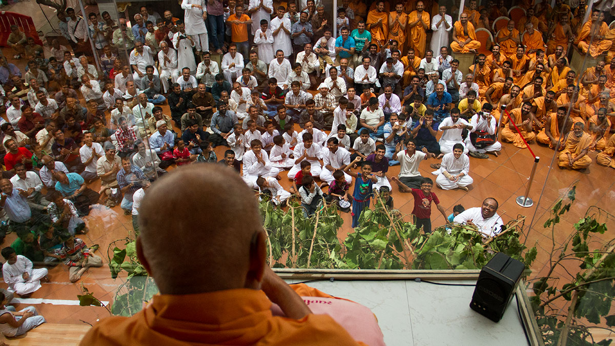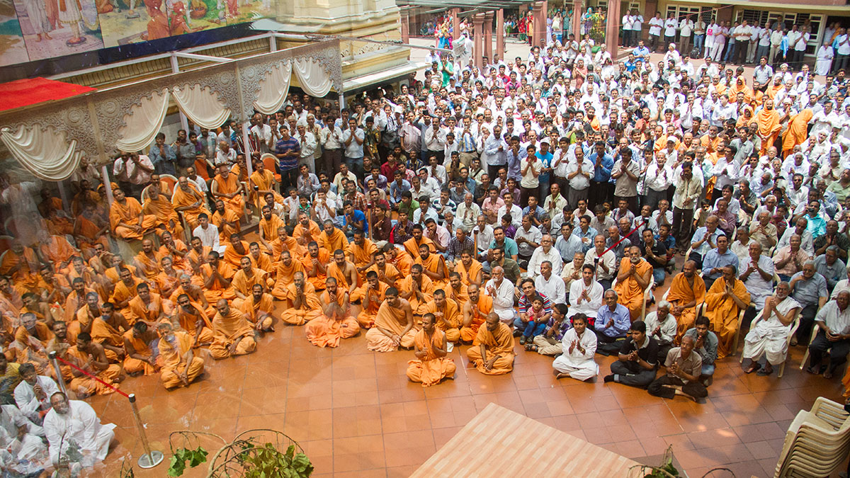 HH Pramukh Swami Maharaj arrives in balcony at 12:32 pm
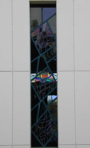 Plan allongé, oratoire et bibliothèque situés en soubassement, église halle. Couverture en terrasse.
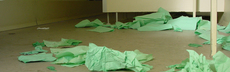 einen weissen Strich über das giftgrüne Tuch und drückt auf das Lineal.
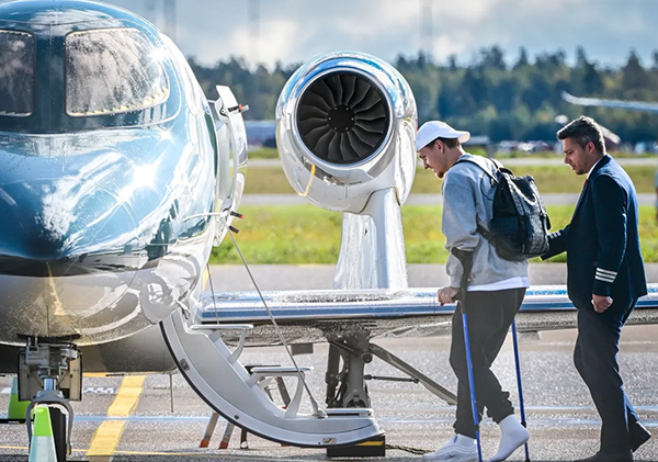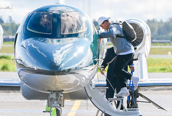 Tiền vệ Martin Odegaard vừa được thấy phải tập tễnh chống nạng lên chuyến bay về London. |
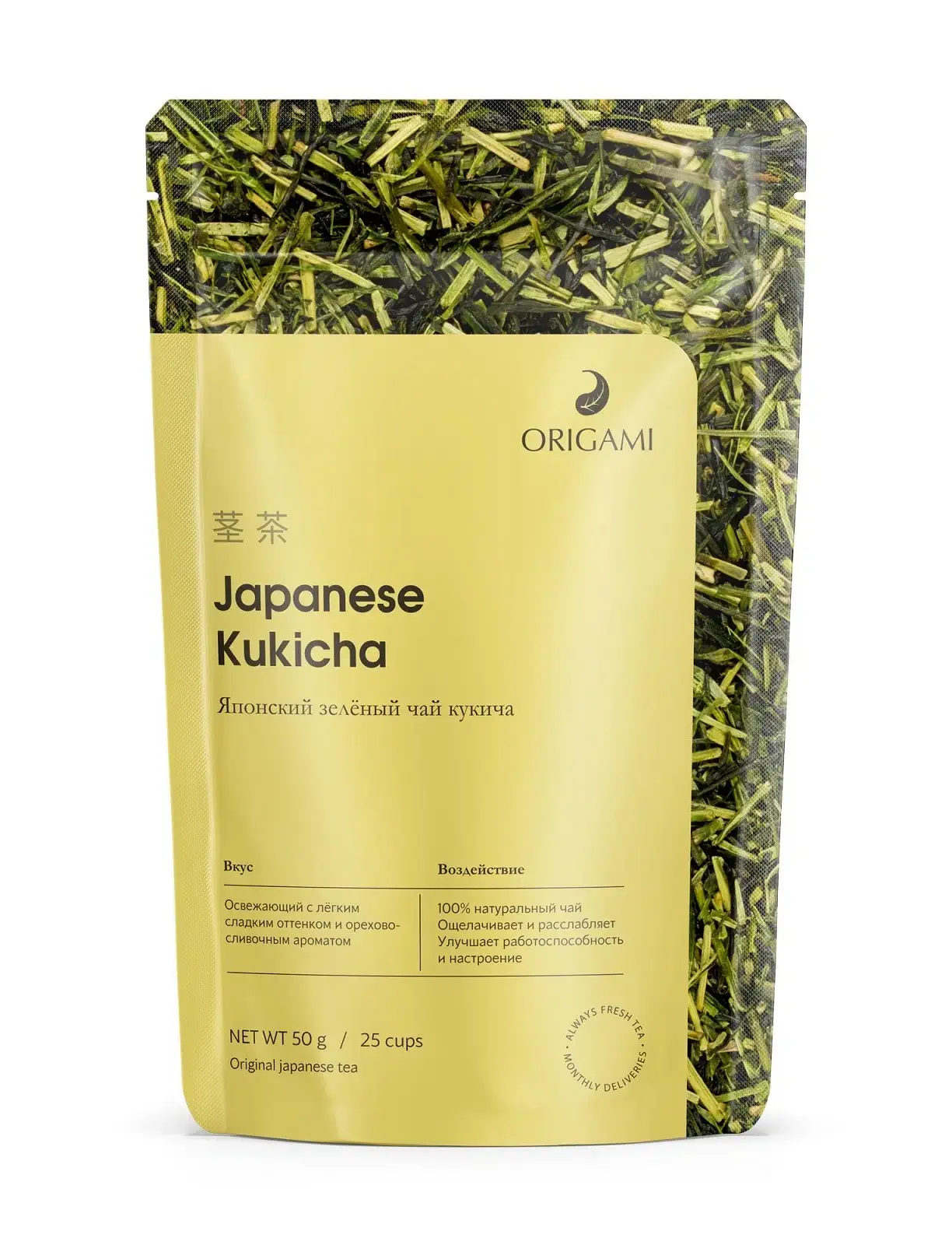 Японский чай кукича производят из чайного листа с добавлением мелких стебельков и веточек. Вкус освежающий с легким сладким оттенком и приятным орехово-сливочным ароматом.

---

The expected output is the exact run of lines from the first line of the material above through the line that contains "Tiền vệ Martin", minus any pictures.

**RESULT:**
 HH Pramukh Swami Maharaj arrives in balcony at 12:32 pm
 Plan allongé, oratoire et bibliothèque situés en soubassement, église halle. Couverture en terrasse.
 einen weissen Strich über das giftgrüne Tuch und drückt auf das Lineal.
 Tiền vệ Martin Odegaard vừa được thấy phải tập tễnh chống nạng lên chuyến bay về London. |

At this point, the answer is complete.